Guest Posted September 21, 1999 Posted September 21, 1999 what is he threatening to sue the employer for- following the terms of the document?! if this employee was an HCE and you revalue the assets, you are going to have a discrimination issue, since NHCEs never had similar treatment. yes, it could be revalued, but again, according to the document, doesn't have to be. Maybe the participant could be charged for an additional val done???
John A Posted September 21, 1999 Author Posted September 21, 1999 Thanks, Tom. I appreciate the answer. However, if the employer decides to revalue anyway (despite being advised against it), what steps do you think should be taken? Would all participants need to be notified that the plan had been revalued? Should the employer have some type of written policy drafted about why the decision was made to revalue and/or under what circumstances they might revalue in the future? Could the participant actually be charged for any or all of the costs associated with the revaluation? How could the Employer best protect themselves against nondiscrimination issues?

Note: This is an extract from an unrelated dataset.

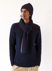 Ribbed Knit Scarf in Navy Iris/Burnt Orange from Far Afield

Guest Dook Posted September 22, 1999 Posted September 22, 1999 All indicators are negative on an interim valuation of the plan, unless it can be shown that to do so would be to the benefit of the majority of remaining participants, in particular the NHCEs. This was the reasoning that some periodically valued plans used following the crash of '87. Many large balance participants called for a distribution following the crash, based on pre-crash valuations. NOT to re-value would have been to the significant detriment of the remaining participants. Not that that was the greatest argument either, but it's a whoile lot better than the argument to re-value now in this situation. Obviously, anything put into writing is subject to greatest scrutiny and interpretation. I vote "bad idea". Any written request by the Trustee or Administrator should be non-specific. Charging that participant is risky as it fingers who wanted the re-valuation, and there is really no basis for passing a general plan expense to one participant. Sorry I don't have a whole lot of answers or specific direction, but that's what happens when you try to apply "fair" rules to an unfair game.